The Complete Guide to Google's Agent2Agent Protocol and OpenAI Codex Interoperability: Building Cross-Platform AI Agent Systems - Section 2

Querying the graph

Expose read-only graph query endpoints to agents:

  • SPARQL for RDF stores
  • Gremlin or Cypher for property graphs
  • Simple REST filters for JSON-LD documents (types, tags, relationships)

Keep read-write privileges limited to curator agents or humans under approval workflows, and stamp provenance on every mutation for audit.
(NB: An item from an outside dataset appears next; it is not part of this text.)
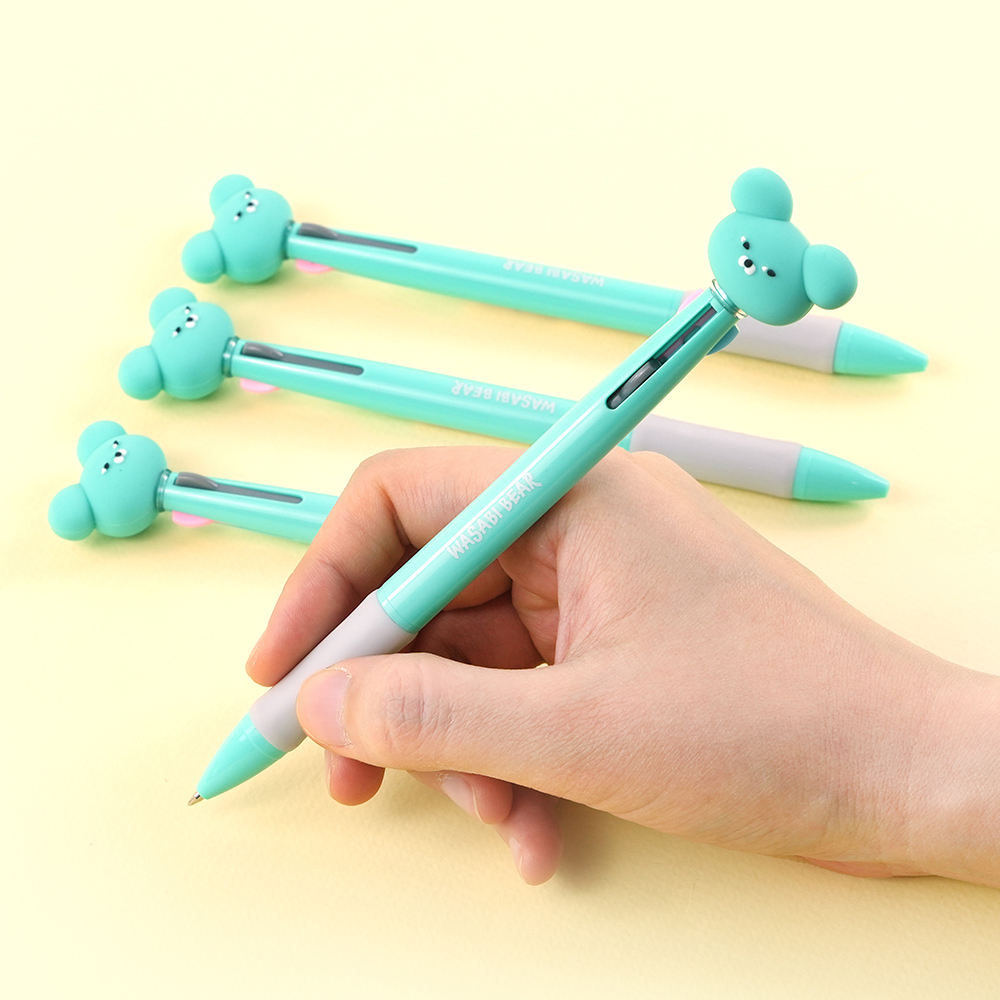와사비베어 피규어 3색 볼펜 0.5mm 피규어 멀티펜 필기 노크식 단체 선물 용
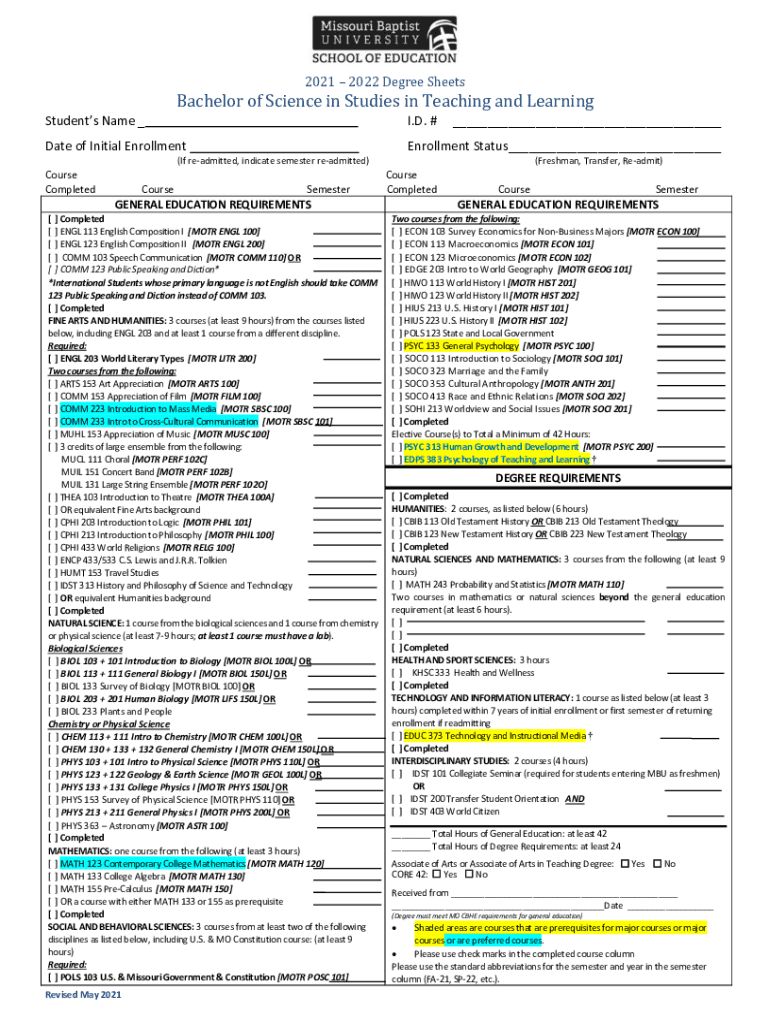 2021 2022 Degree SheetsBachelor of Science in Studies in Teaching and Learning Students Name _I. D. #Date of Initial Enrollment___Enrollment Status___(If readmitted, indicate semester readmitted)Course

How A2A Differs from MCP (Model Context Protocol) by Anthropic

Anthropic’s Model Context Protocol (MCP) focuses on connecting models to tools, data sources, and IDEs via a well-defined session and resource interface. It formalizes how a model can request tools, list resources, and stream results over transports like stdio or WebSocket. A2A, in contrast, addresses the broader scenario of autonomous agents messaging each other—potentially from different vendors or runtimes—with richer routing, policy, and knowledge references.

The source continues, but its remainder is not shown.